A practical approach to software architecture
When designing software for large systems, it’s often easy to know when you have arrived to a good architecture. It feels too simple given the amount of time you spent working on it, yet it solves every problem you throw at it.
I am often asked how to get there, so this post is a deconstruction of my method to design software. For the sake of simplicity, I will assume that the architecture you are building is not a complete greenfield project. Although if it is, I think most of the methods would apply there too.
As you know, I believe in the evolutionary school of software architecture, so my process is iterative. From a high level, I evolve an existing architecture based on whether it solves the problem at hand. As all evolutionary processes, every step has a purpose: environment, fitness function, selection and mutation.
In details, that’s how it goes:
Step 1: catalogue all the requirements that the software needs to address, ranked in rough order of importance.
Step 2: draw the architecture for the existing system. For every requirement listed in step 1, look at the areas that need to change to solve the problem. If the solution to a problem changes a single component, move to the next in the list. If all the major requirements only change a single part of the architecture, the architecture is stable and you are finished.
Step 3: Consider the first requirement that involves changing many parts. Ask yourself which systems are impacted. Describe what concept was missing as a standalone component, but was partially implemented throughout the other systems. At this stage it is useful to consider all the previous iterations of the architecture and see how they solve the problem differently.
Step 4: Gather the behaviour in a single component, and remove it from the others. Some parts will change a lot, and maybe other duplication will start appearing. Split and merge components at will, the goal is to think of the system differently.
Go back to step 2 with this new architecture.
Explanations and gotchas
The first step is actually the most critical part of the process: having an exhaustive list of all the problems is what ensures the fitness of your solution. I have seen countless developers wanting to solve only for the most important part of the problem. They invariably build software that is too brittle, as every new requirement breaks the original paradigm.
Write down every requirement, even the crazy ones that you probably won’t have to support for years. Taking those into account will make the resulting architecture simpler. Simple architectures are often composed of basic building blocks rather than purpose-built components. Complex behaviour should emerge from a combination of basic components instead.
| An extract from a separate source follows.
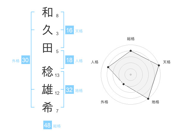 和久田 稔雄希さんを姓名の画数から五運を鑑定
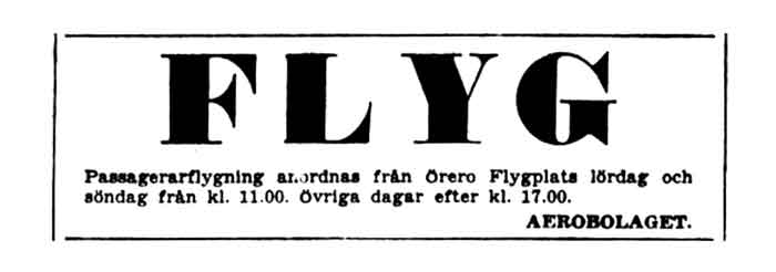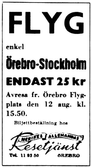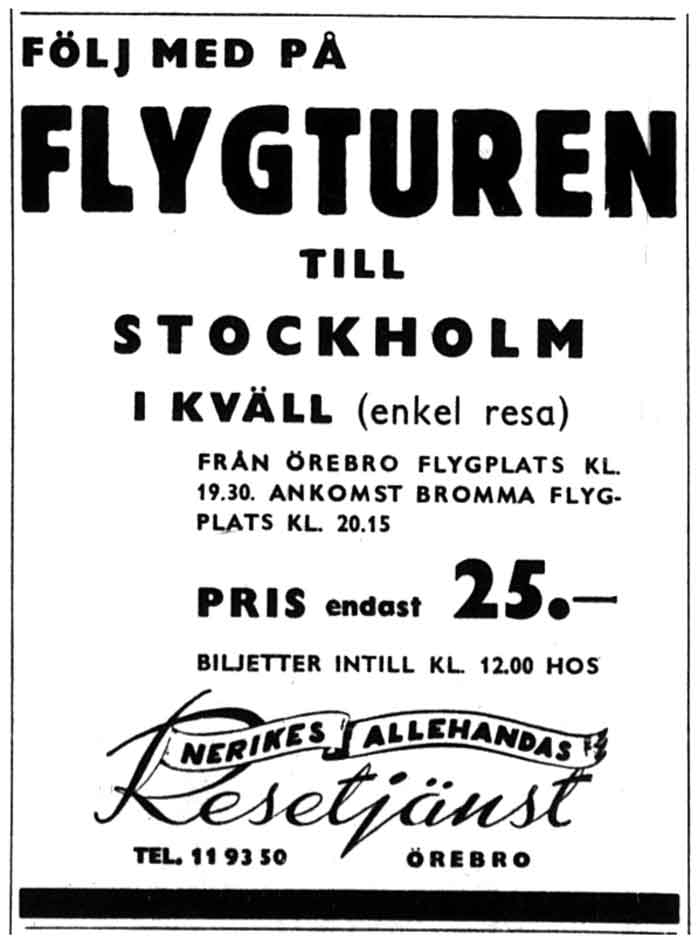 Annons flyg till Stockholm   [ sid 2 ]Nerikes Allehandas resetjänst erbjuder en enkel flygtur till Stockholm för 25 kr. |

The second step requires a precise understanding of the current or proposed architecture. A whiteboard should be enough to describe the architecture. It holds more than you can keep in your head, but not too much that it’s intractable. With a bit of practice (and several iterations of the loop), you will have integrated the list of requirements in your head. Identifying the brittle areas that a new problem shatters should be a matter of scribbling a different coloured marker on the whiteboard.
In contrast with the global view that step 2 demands, step 3 requires digging into the components; it is much more narrowly focused. Sometimes, existing components have an obvious coupling or mixed behaviour that it is easy to extract. More often the answer lies into the code. This often means reverse engineering the actual behaviour rather than believing the documentation. I found myself many times over believing that a particular module behaved a certain way until I read the code and realized what it was actually doing.
Step 4 is the creative part of the process, and involves mutating the architecture. This is what I feel the slowest at. Don’t be shy, the stuff you can come up with does not need to be better at every step. Backtracking is the norm, not the exception. If for some reason you are stuck, go back to step 2 and tackle another requirement first; this often helps.
When is it done ?
You will know when you are done.
The diagram on your whiteboard is harmonious, and the concepts written on it are roughly at the same level of abstraction.
You are done when every new requirement only causes a localized change in the architecture. When you feel almost ashamed to explain it to a colleague because they will think it’s too simple. The best compliment you can get is “well yeah, it’s kinda obvious” because this means you modelled it in an intuitive way.
This is both simple and hard, and requires a few abilities:
- To keep track of large amounts of information (requirements) in your head.
- To be able to think abstractly, then being able to dive into finer implementation details.
- To be creative with solutions.
And it takes time.
That’s the way I have been approaching software architecture, and it has been working pretty well so far. That said, like every process it should evolve, so I’d love to hear other perspectives on this.